_Work item_
Give the records again in full, exactly as they appear, but without the pictures.

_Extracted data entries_
++++++++++
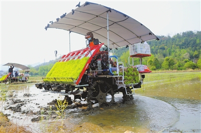 3月27日,全南县金龙镇东风村高标准农田里,农机手正在驾驶插秧机栽插水稻秧苗。
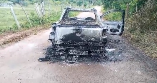 Veiculo tomado de assalto no Orobó é encontrado incendiado na BA 001, após o trevo do Guaibim
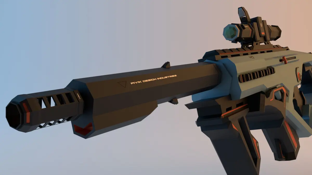 The automaton of the future 2047.Developed by PivikDesign Inc. named after Pivovarov in the early 40s of the XXI century, under the cartridge 5.56x45mm.This is a medium-sized machine gun with a full-size barrel.It is offered as an armament for mobile autonomous units operating without the support of heavy equipment.The modularity of the design, the multi-variant configuration make the weapon very interesting for further refinement.
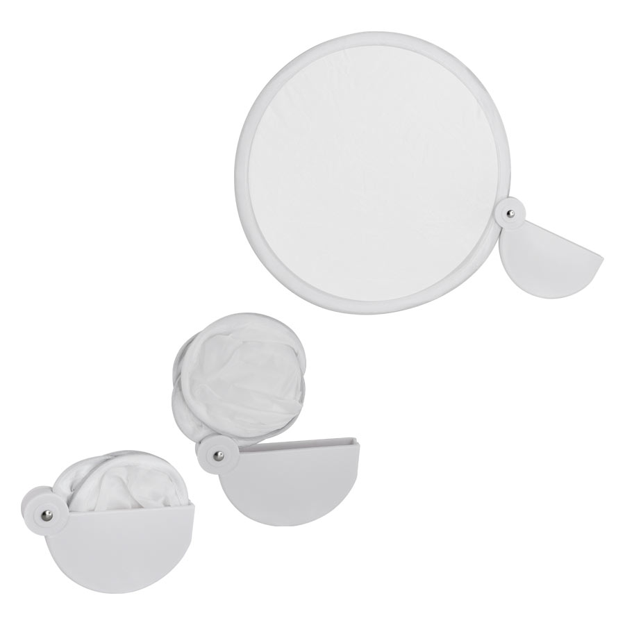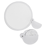 Abanico plegable de poliéster. Se guarda plegado en base semi-circular de plástico ABS. Simple, económico y fácil de imprimir o sublimar, ideal para promociones de verano.
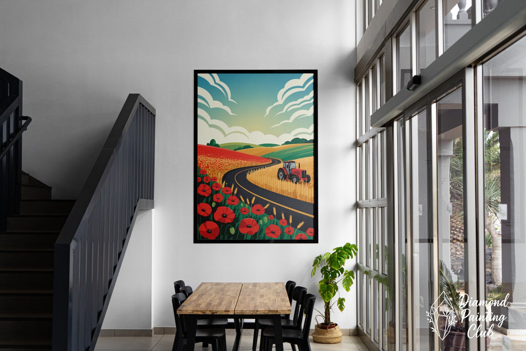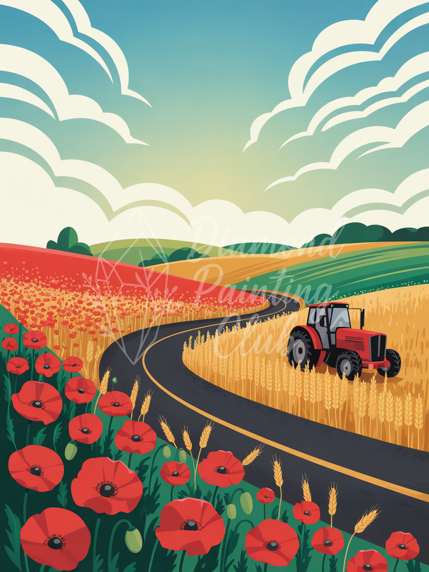 Ce motif de broderie diamant représente une illustration stylisée d'un tracteur rouge, symbole du travail agricole, avançant sur une route sinueuse au milieu de champs fertiles. Le paysage est vibrant de couleurs, avec des champs de blé doré et des parcelles de coquelicots rouges éclatants, créant un contraste visuel saisissant. Le ciel est parsemé de nuages expressifs, ajoutant du dynamisme à cette scène bucolique. La composition est conçue avec une esthétique moderne et épurée, mettant en valeur la beauté des paysages agricoles. En assemblant chaque diamant, vous donnerez vie aux différentes textures des champs et aux lignes fluides de la route, créant une œuvre qui célèbre la vie rurale. C'est une pièce idéale pour les amateurs de scènes champêtres et de design contemporain, apportant une touche de vitalité et d'authenticité à votre intérieur.
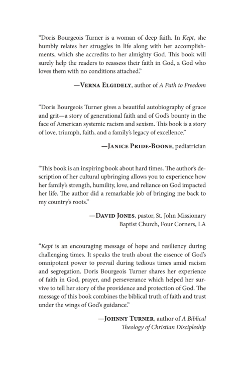 Kept: A Commentary on God's Providential Care in the Journey of a Plantation Girl is a spiritual source that shares the manner in which God intercedes and keeps us from ourselves. The presence of his hand and the intercession of his love, grace, favor, and mercy guide us through challenges and obstacles that may appear insurmountable. The role of God is evident in the author's life from the rural Louisiana plantation life to his favor in suburban living with people from other cultures. The focus of the book demonstrates the benefits of following and being obedient to God's direction. The book challenges us to step out on faith, trust God, and give him all the glory for all that is attained in our life.
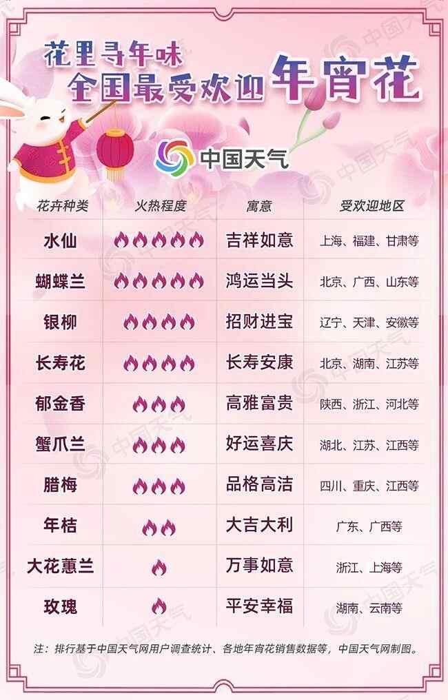 人间烟火色,最是新春时。俗话说无花不成年,年宵花可谓是年味气氛组的担当,既能给家里增添节日的喜庆气氛,也寓意着新年有个好彩头。蝴蝶兰、水仙花、长寿花……你家过年都爱买什么花?中国天气网推出年宵花最受欢迎排行榜,看看大江南北年宵花偏好有何不同。
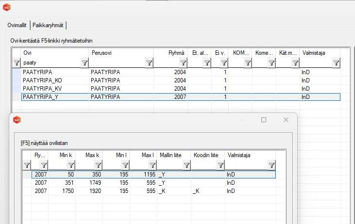 Korjaa lisäksi Ovien ryhmämääritystietokannassa PAATYRIPA-oven määritykset kuvan mukaisiksi
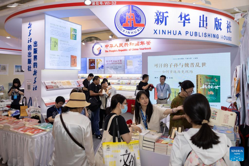 SHANGHAI, 14 agosto, 2024 (Xinhua) -- Personas visitan la Feria del Libro de Shanghai 2024, en Shanghai, en el este de China, el 14 de agosto de 2024. La feria del libro comenzó el miércoles y durará hasta el 20 de agosto. (Xinhua/Wang Xiang)
++++++++++
_Response_
 3月27日,全南县金龙镇东风村高标准农田里,农机手正在驾驶插秧机栽插水稻秧苗。
 Veiculo tomado de assalto no Orobó é encontrado incendiado na BA 001, após o trevo do Guaibim
 The automaton of the future 2047.Developed by PivikDesign Inc. named after Pivovarov in the early 40s of the XXI century, under the cartridge 5.56x45mm.This is a medium-sized machine gun with a full-size barrel.It is offered as an armament for mobile autonomous units operating without the support of heavy equipment.The modularity of the design, the multi-variant configuration make the weapon very interesting for further refinement.
 Abanico plegable de poliéster. Se guarda plegado en base semi-circular de plástico ABS. Simple, económico y fácil de imprimir o sublimar, ideal para promociones de verano.
 Ce motif de broderie diamant représente une illustration stylisée d'un tracteur rouge, symbole du travail agricole, avançant sur une route sinueuse au milieu de champs fertiles. Le paysage est vibrant de couleurs, avec des champs de blé doré et des parcelles de coquelicots rouges éclatants, créant un contraste visuel saisissant. Le ciel est parsemé de nuages expressifs, ajoutant du dynamisme à cette scène bucolique. La composition est conçue avec une esthétique moderne et épurée, mettant en valeur la beauté des paysages agricoles. En assemblant chaque diamant, vous donnerez vie aux différentes textures des champs et aux lignes fluides de la route, créant une œuvre qui célèbre la vie rurale. C'est une pièce idéale pour les amateurs de scènes champêtres et de design contemporain, apportant une touche de vitalité et d'authenticité à votre intérieur.
 Kept: A Commentary on God's Providential Care in the Journey of a Plantation Girl is a spiritual source that shares the manner in which God intercedes and keeps us from ourselves. The presence of his hand and the intercession of his love, grace, favor, and mercy guide us through challenges and obstacles that may appear insurmountable. The role of God is evident in the author's life from the rural Louisiana plantation life to his favor in suburban living with people from other cultures. The focus of the book demonstrates the benefits of following and being obedient to God's direction. The book challenges us to step out on faith, trust God, and give him all the glory for all that is attained in our life.
 人间烟火色,最是新春时。俗话说无花不成年,年宵花可谓是年味气氛组的担当,既能给家里增添节日的喜庆气氛,也寓意着新年有个好彩头。蝴蝶兰、水仙花、长寿花……你家过年都爱买什么花?中国天气网推出年宵花最受欢迎排行榜,看看大江南北年宵花偏好有何不同。
 Korjaa lisäksi Ovien ryhmämääritystietokannassa PAATYRIPA-oven määritykset kuvan mukaisiksi
 SHANGHAI, 14 agosto, 2024 (Xinhua) -- Personas visitan la Feria del Libro de Shanghai 2024, en Shanghai, en el este de China, el 14 de agosto de 2024. La feria del libro comenzó el miércoles y durará hasta el 20 de agosto. (Xinhua/Wang Xiang)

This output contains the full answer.